Repartitioning for a GROUP BY

If you are familiar with Hadoop, you may recognize this as a Map/Reduce operation, where each record is associated with a particular key in the mappers, records with the same key are grouped together by the framework, and then counted in the reduce step. The difference between Hadoop and Samza is that Hadoop operates on a fixed input, whereas Samza works with unbounded streams of data.

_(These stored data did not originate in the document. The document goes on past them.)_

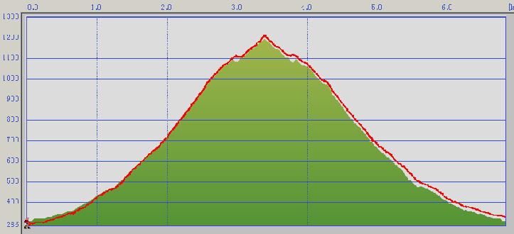 距離的に見ると藻岩山の旭山記念公園コース(往復6.4km)よりも短く、総上昇量も+300m弱である。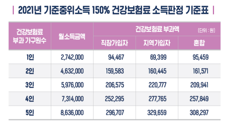 2021년 기준중위소득 150% 건강보험료 소득판정 기준표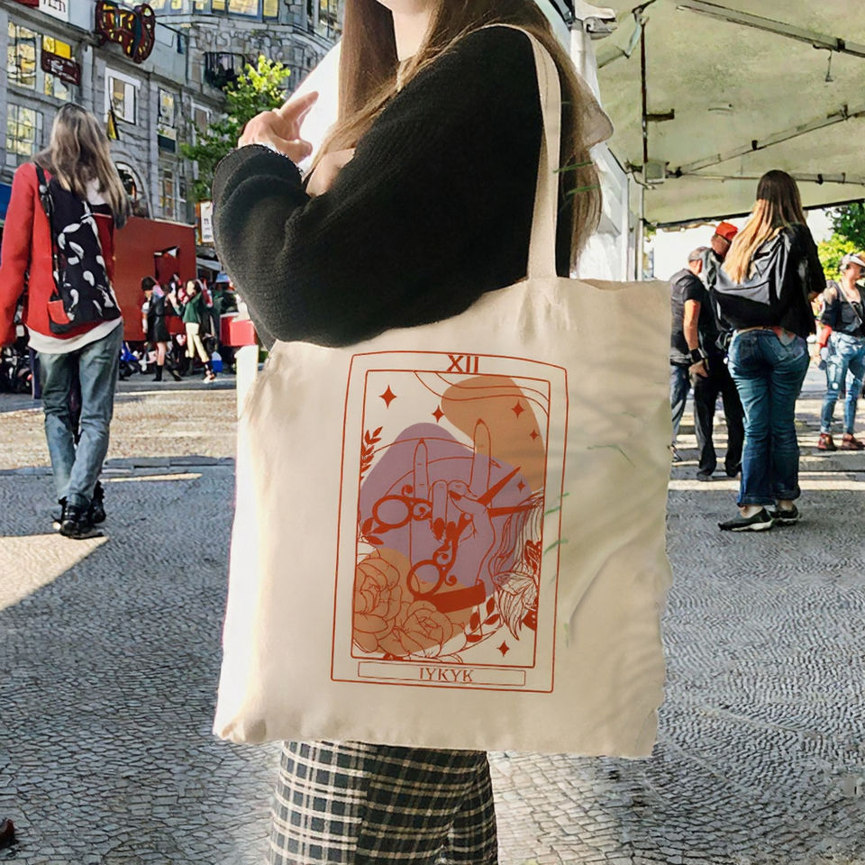 กระเป๋าผ้าใบสะพายไหล่สำหรับผู้หญิง1ชิ้นใช้ซ้ำได้พิมพ์โลโก้ฤดูหนาวลายดอกไม้ออกแบบได้ตามต้องการช้อปปิ้งแบบส่วนตัว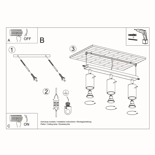 Zapomnij o uciążliwym montażu i omdlałych ramionach. Plafon sufitowy na 3 klosze zamontujesz szybko i z łatwością, więc wystarczy chwila, by zacząć cieszyć się jego blaskiem.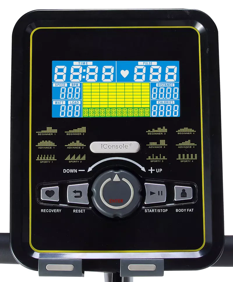 czas, dystans, prędkość, RPM, kalorie,puls, Body Fat, Recovery
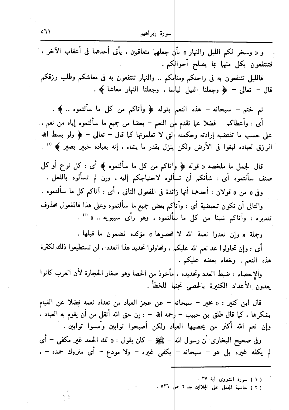 (2) حاشية الجمل على الجلالين ج 2 ص 526.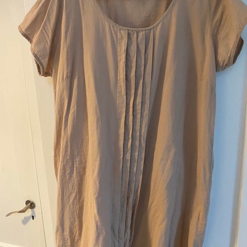 Kortærmet lårkort kjole med bånd i kraven. Lidt flæser forneden. Lys brun, lattefarvet. Henriette Steffensen str L. Syningen er gået en lille smule i udskæringen. Jeg har ikke forsøgt at sy det. Ellers fin stand. Bomuld. Dejlig at have på.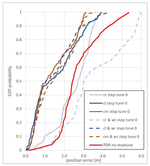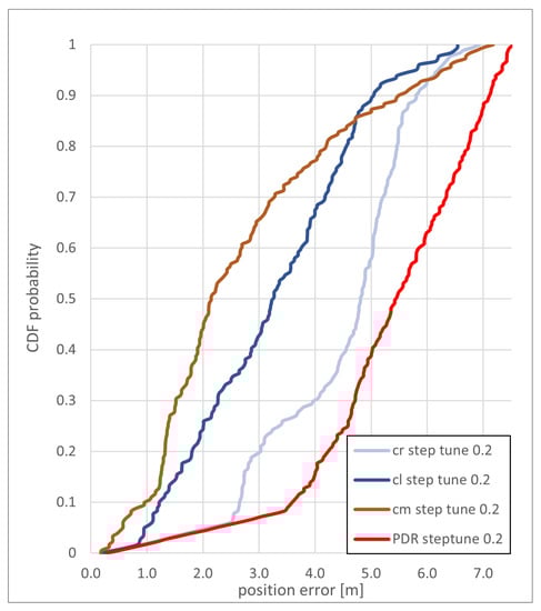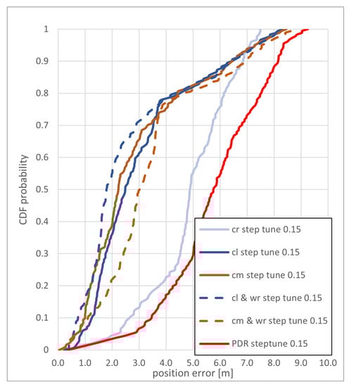 In this section, the results of the map-matching algorithm using the cr, cm, and cl method for particle checks are presented and discussed for the two test trajectories. The cumulative distribution function (CDF) of the position estimate error for the different concepts used for the eight path, with a step correction (manual step scale) of 0.1 m, is shown in Figure 9. The cm and cr method reached an overall similar accuracy, with the cm method reaching an accuracy of less than 4 m and the cr method reaching a accuracy of just less than 3 m in 90% of the steps.
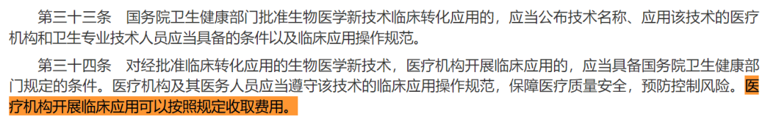 第三十四条给出了出口:“经批准临床转化应用的生物医学新技术,医疗机构开展临床应用的,可以按照规定收取费用。”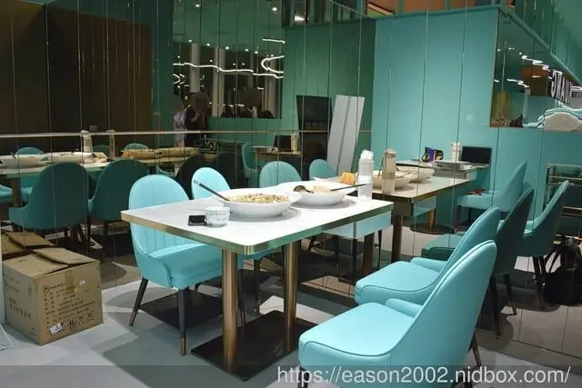 以時尚精品 Tiffany綠 為室內設計的主要風格,利用鏡面折射創造空間感,天花板特別的流線條,就像『美食翻玩界的天花板』-三冠玩: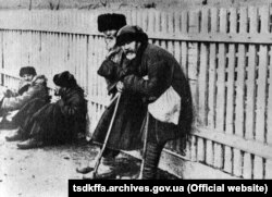 Перші дні вона ще рухалась, щось шепотіла, коли хтось зупинявся коло неї, а чим далі, день за днем, замовкала все більше, лежачи вже без руху, лише мляво зводила очі праворуч... ліворуч..., чи надовго ставила свій погляд сторч, втоплюючи його в блакитну імлу гарячого літнього, байдужого неба. Нарешті – вмерла. Труп пролежав з добу, роздувся ще дужче й зрештою зник. Міліція кудись відтягла й закопала… Агонія бабина тяглась довше звичайного тому, що прохожі, видко, хоч трохи підгодовували її своїми пожертвами. Проте, ніхто не міг врятувати її від смерті, бо всім бракувало їжі, всі голодували».

Kafka takes the messages emitted by the first job and buffers them on disk, distributed across multiple machines. This helps make the system fault-tolerant: if one machine fails, no messages are lost, because they have been replicated to other machines. And if the second job goes slow or stops consuming messages for any reason, the first job is unaffected: the disk buffer can absorb the backlog of messages from the first job until the second job catches up again.

By partitioning topics, and by breaking a stream process down into jobs and parallel tasks that run on multiple machines, Samza scales to streams with very high message throughput. By using YARN and Kafka, Samza achieves fault-tolerance: if a process or machine fails, it is automatically restarted on another machine and continues processing messages from the point where it left off.